On April 6, 2016, Ritchie-Smith terminated Philps’ employment because “it appears that you will not be able to return to your previous work as a truck driver in the foreseeable future.”

Philps submitted a complaint to the Canadian Human Rights Commission alleging that his disability was a factor in his termination, making it discriminatory under the Canadian Human Rights Act. Ritchie-Smith Feed argued that Philps was unable to perform the duties of the truck driver position, providing a physical demands analysis that included tasks such as frequent low-level lifting of 20-pound loads, waist-level lifting of the 30-pound sucker house, frequent above-shoulder lifting of 25-pound loads, and handling the 50-pound bags of grit.

The tribunal found that the chronic pain from which Philps suffered after his surgery — related to his injuries stemming from the car accident — that prevented him from working was clearly a disability. Ultimately, his inability to work or provide an estimated return to work was the reason his employment was terminated, so his disability was a factor in his termination. As a result, Ritchie-Smith Feeds had to prove that his restrictions prevented him from performing his job duties and it couldn’t accommodate him in any way, said the tribunal.

Duty to accommodate

Based on the physical demands analysis, the tribunal agreed that the physical requirements of the truck driver position, which Ritchie-Smith Feeds considered in terminating Philps, were rationally connected to the job and were created in good faith. These were two of the three elements of the test to prove a bona fide occupational requirement that justified discrimination in the decision to terminate employment.

The tribunal found that Philps was not able to return to work as a truck driver at the time his employment was terminated, so the question was whether he could have been accommodated — the third element of the test. It also found that although some of the medical information indicated that Philps might be able to return on a graduated basis to the truck driver position, that was “unrealistic” due to the risk of re-injury performing many of the truck driver tasks.

The tribunal noted that Philps’ doctor recommended a functional capacity and vocational assessment, but there was no evidence that Ritchie-Smith Feeds did this. Although the operations manager had a good understanding and knowledge of the company’s positions and their requirements, without an assessment he couldn’t of known Philps’ capacity and vocational potential, the tribunal said.

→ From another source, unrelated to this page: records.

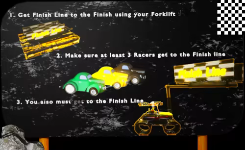 Besides clearing the tracks, every track needs a Finish Line. It is one of your jobs to put the Finish Line in place at the end of the Race Track. You can push the Finish Line to the Finish..., or you can use your Forklift add-on/tool to put it in place.
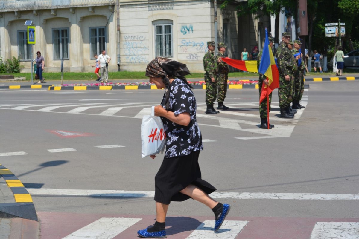 În jur la o sută de oameni s-au strâns luni la amiază la intersecţia străzii Cuza Vodă cu Marchian pentru a asista la ceremonia organizată de Prefectură alături de Garnizoana Botoşani.
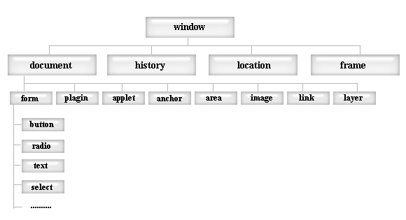 На самом верхнем уровне находится объект window, представляющий окно браузера и являющийся "родителем" всех остальных объектов. Расположенные ниже могут иметь свои подчиненные объекты. Так объект document (текущая страница) может иметь дочерний объект form (форма) и т.д.
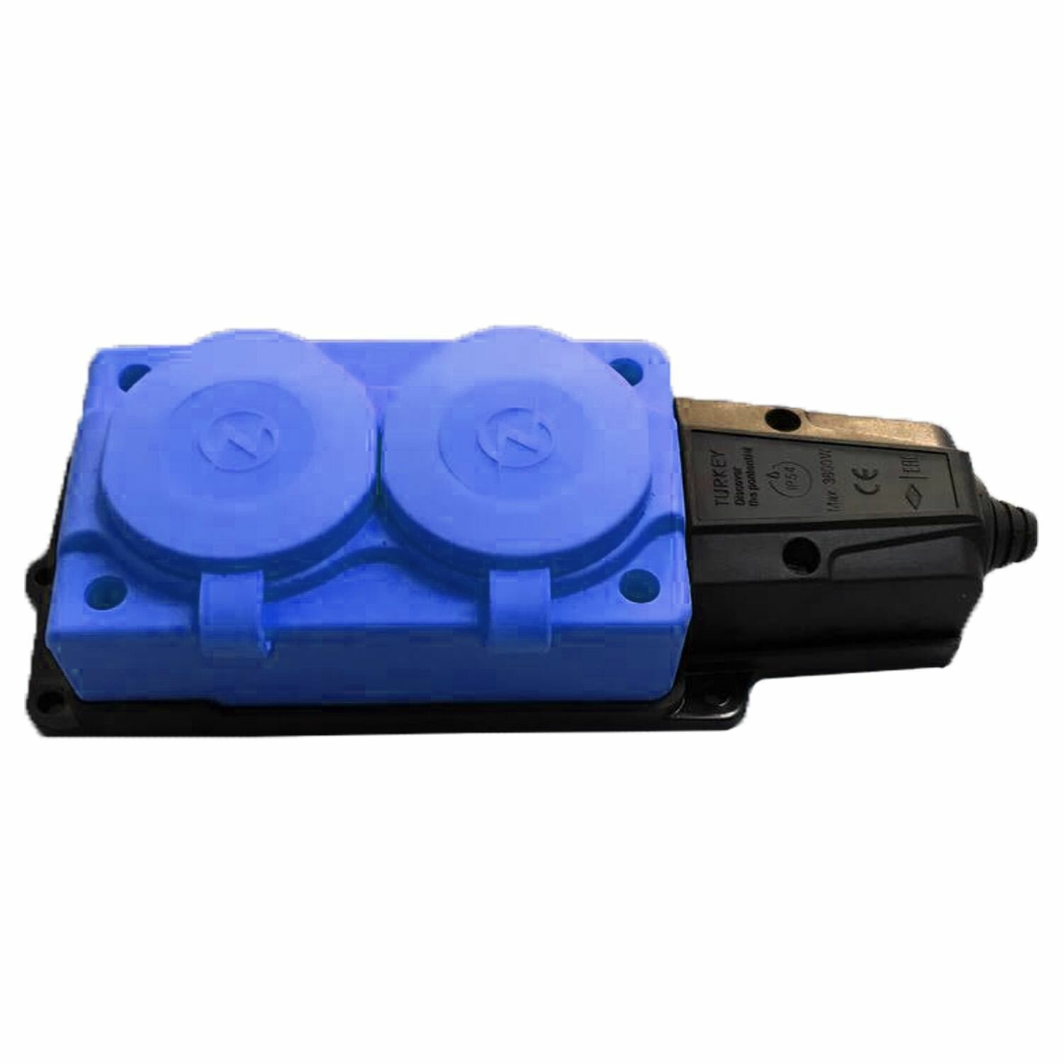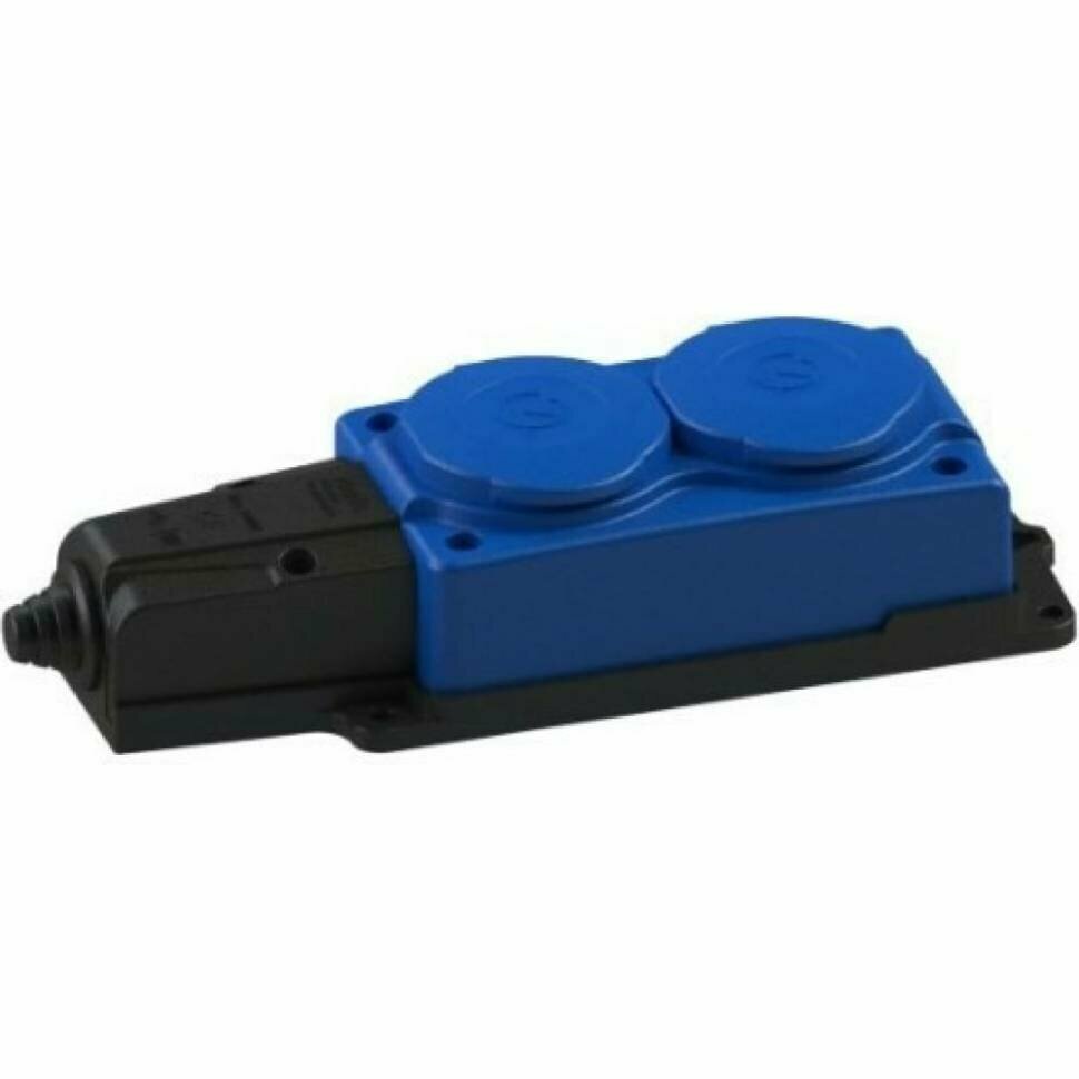 Штепсельная 2-ая розетка с крышкой каучук синяя IP54
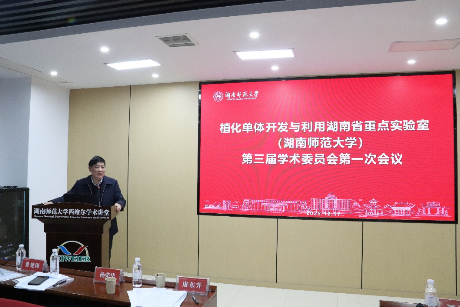 2025年12月17日,“植化单体开发与利用”湖南省重点实验室第三届学术委员会第一次会议在我校化学化工学院举行。学术委员会主任、北京大学叶敏教授,以及湖南农业大学曾建国教授、湖南中医药大学王炜教授、武汉大学周强辉教授和李武教授、浙江大学王建博教授、湖南大学岳磊教授、湖南师范大学陈波教授和马元鸿教授等委员出席会议。学校科技处处长唐东升代表学校参会。
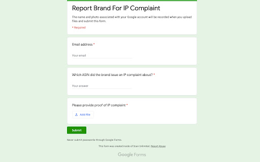 Official chrome extension from Scan Unlimited, Inc. The extension alerts you if a brand is known for filing IP complaints. When opening an Amazon product detail page, a warning symbol will appear there is an IP alert. Protect your seller account with the Scan Unlimited chrome extension!
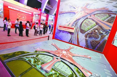 在展览现场,巨大的实物模型展示了北京大兴国际机场的风采——它从高空俯瞰宛如“凤凰展翅”,建筑外形由流畅的曲线构成,内部是一个巨大的开放空间,四层楼相互交织,屋顶,有一个巨大六边形天窗与六条条形天窗、八个气泡窗相互连接,将机场内部变成一个大型光庭。
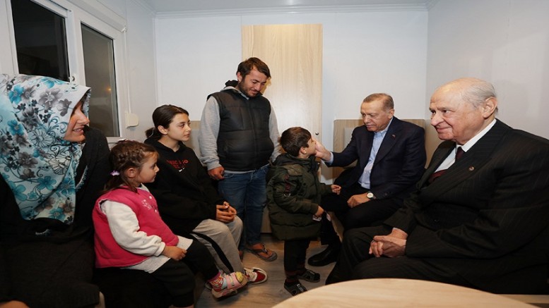 Cumhurbaşkanı Recep Tayyip Erdoğan ve MHP Genel Başkanı Devlet Bahçeli, Katar'ın gönderdiği konteynerlerden kurulan Katar-Türkiye Kardeşlik Konteyner Kenti'nde incelemelerde bulundu.
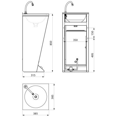 Réf. 180300Lave-mains sur pied avec commande au pied.
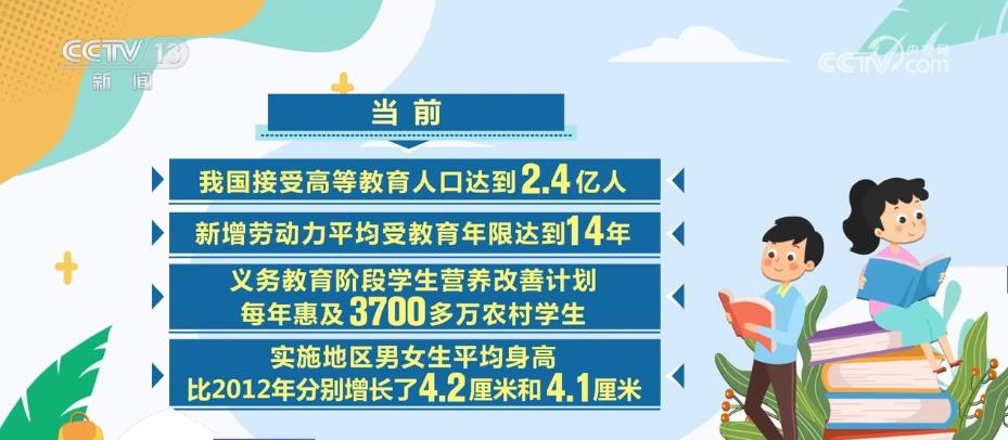 當(dāng)前,我國接受高等教育人口達(dá)到2.4億人,新增勞動力平均受教育年限達(dá)到14年。義務(wù)教育階段學(xué)生營養(yǎng)改善計劃每年惠及3700多萬農(nóng)村學(xué)生,實(shí)施地區(qū)男女生平均身高比2012年分別增長了4.2厘米和4.1厘米。
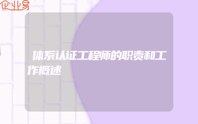 - 体系认证工程师的职责与工作流程概述一、体系认证工程师的角色与职责体系认证工程师在企业服务行业中扮演着至关重要的角色,他们主要负责确保企业运营体系的合规性和有效性。这一职位涉及的工作内容广泛,包括建立和维护企业的质量管理体系、环境管理体系以及

“[I]t would seem somewhat reckless for a manager to dismiss a 22-year employee without having conducted a personalized assessment first,” said the tribunal.

The tribunal found that Ritchie-Smith didn’t investigate whether Philps could do more work in the dispatch position — a job he sometimes performed on Saturdays that the company provided no evidence of undue hardship from assigning him to — measure his physical limitations against the physical demands analysis criteria, or discussed any other positions with Philps for which he might be trained or accommodated. Instead, the company tried to place burden on Philps to design an accommodation plan, the tribunal said.

“In short, the procedures one would expect a sophisticated employer to follow were not followed in this case,” said the tribunal. “The [company’s] conclusion, that they were unable to accommodate Mr. Philps to the point of undue hardship, was speculation on their part in the absence of any documented efforts to determine that.”

The tribunal determined that Ritchie-Smith Feeds didn’t meet its duty to accommodate Philps and discriminated against him based on physical disability. The company was ordered to pay Philps compensation for lost wages from working every Saturday as a dispatcher for the five years from his termination to the date of the hearing minus LTD payments and employment income received during that period —totalling more than $42,000 — $8,000 for pain and suffering from the discrimination, $3,000 for the company’s reckless conduct, plus interest and out-of-pocket medical expenses.

For more information, see:

  • Robert Philps v. Ritchie-Smith Feeds Inc., 2021 CHRT 9 (Can. Human Rights Trib.).